This is a PLOS Computational Biology Software paper.
Introduction
Whole-genome transcriptional profiling, using DNA microarray technology or next-generation sequencing (RNA-seq), is widely used to gain insights into disease pathophysiology and response to therapy. While it is important to identify individual genetic associations, the high level of variation between individuals due to genetic and phenotypic heterogeneity can result in inconsistent biological insights [1]. With the availability of biological annotation for known genes [2–5], the focus of gene analysis has shifted from individual genes to gene sets. Gene set analysis can be used to detect and compare the activity of pre-defined lists of genes that can be related directly to the underlying biological processes. Compared to differential expression (DE) analysis of individual genes, gene set analysis examines the cumulative effect of multiple related genes, and thus offers the possibility to detect more subtle, but coordinated, expression changes [6–10]. Despite this increased power, gene set analysis can still be limited by the small sample sizes of many current studies. Combining multiple related studies through meta-analysis offers the possibility of increased power and improved reproducibility [11]. Such studies can leverage the large and growing number of transcriptional profiling data sets available in public repositories, such as GEO [12]. However, combining information from multiple studies and performing meta-analysis at the gene set level remains challenging. Meta-Analysis of Pathway Enrichment (MAPE), including MAPE-P, MAPE-G, and MAPE-I, use maximum, minimum, or Fisher’s statistics to combine P values from each individual study for meta-analysis [13]. Instead of combining P values, MetaPath leverages a Bayesian model and was developed to perform gene set meta-analysis by simultaneously modeling gene expression data and gene set information from multiple studies [14]. Recently, Lu et al. developed iGSEA that uses an adaptive testing method for choosing either random Effects (RE) or fixed effects (FE) model to integrate gene set analysis from multiple studies [15].

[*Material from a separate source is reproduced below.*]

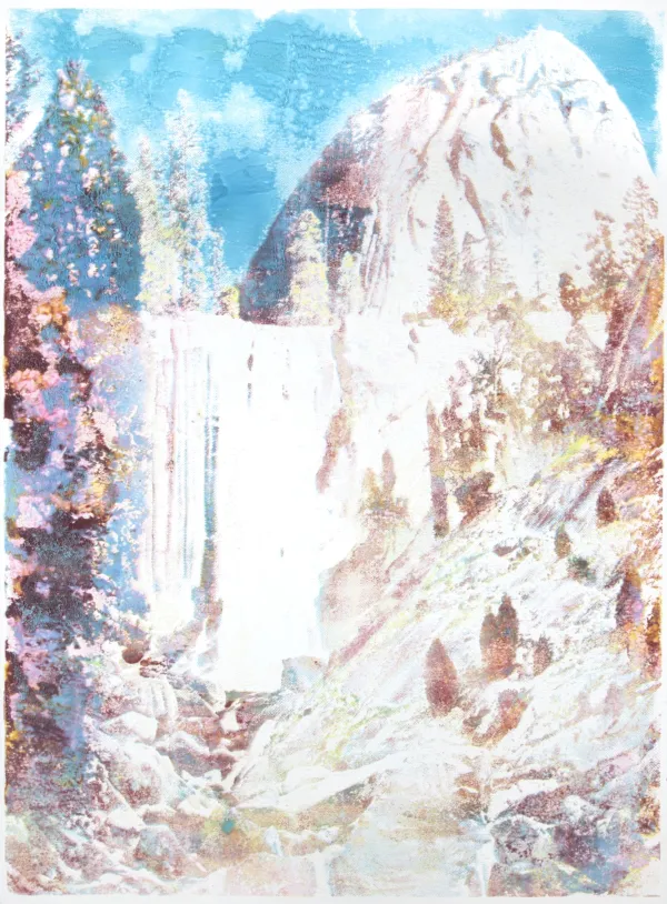 In his Taste Test in Color series he gives a respectful nod to Ansell Adams’s iconic Yosemite photographs, and pushes the boundaries of what can be used for pigment in a photograph. CMA displays three of his works from this series. Each are the same photograph of Vernal Falls in Yosemite, printed with various edible ingredients in a CMYK or RGB color model. He uses Kool-Aid, bubble gum, and gummy bears as his pigments and pulls them through the silkscreen to print the image. Each material responds differently to the silk screen process creating a variety of streaks, marks and texture. The images are colorful, fun and playful, but again it leads me to think about how strong the chemicals found in these foods can be. It also raises the contrast of stunningly beautiful natural landscapes during Adam’s time being corrupted by the superficiality of modern consumption.

We previously proposed Quantitative Set Analysis for Gene Expression (QuSAGE) [16] as a computational framework for gene set analysis. QuSAGE quantifies gene set activity with a complete probability density function (PDF), and improves power by accounting for gene-gene correlations. The QuSAGE R package is available on Bioconductor [17], and is widely used with 1554 downloads from distinct IPs in 2017. In 2015, Turner et al. extended the applicability of QuSAGE to longitudinal studies by adding functionality for general linear mixed models [18]. In this study, we further extend the applicability of QuSAGE to include meta-analysis of gene sets. QuSAGE meta-analysis was adopted by the NIH/NIAID Human Immunology Project Consortium (HIPC)–Center for Human Immunology (CHI) Signature Project Team to successfully detect baseline transcriptional predictors of influenza vaccination responses from multiple studies [19].
As an alternative gene set meta-analysis method, QuSAGE meta-analysis has several advantages: 1) It is a natural extension of QuSAGE, so it facilitates gene set meta-analysis for the large number of existing QuSAGE users, 2) QuSAGE improves power by accounting for gene-gene correlations and QuSAGE meta-analysis inherits this advantage, and 3) Since QuSAGE quantifies a gene set activity with a PDF, it is capable of performing complicated post hoc comparisons that other gene set meta-analysis methods cannot achieve easily, as we demonstrate in our case study.
Design & implementation
QuSAGE quantifies gene set activity with a complete probability density function (PDF). The QuSAGE meta-analysis pipeline proceeds in three steps (Fig 1).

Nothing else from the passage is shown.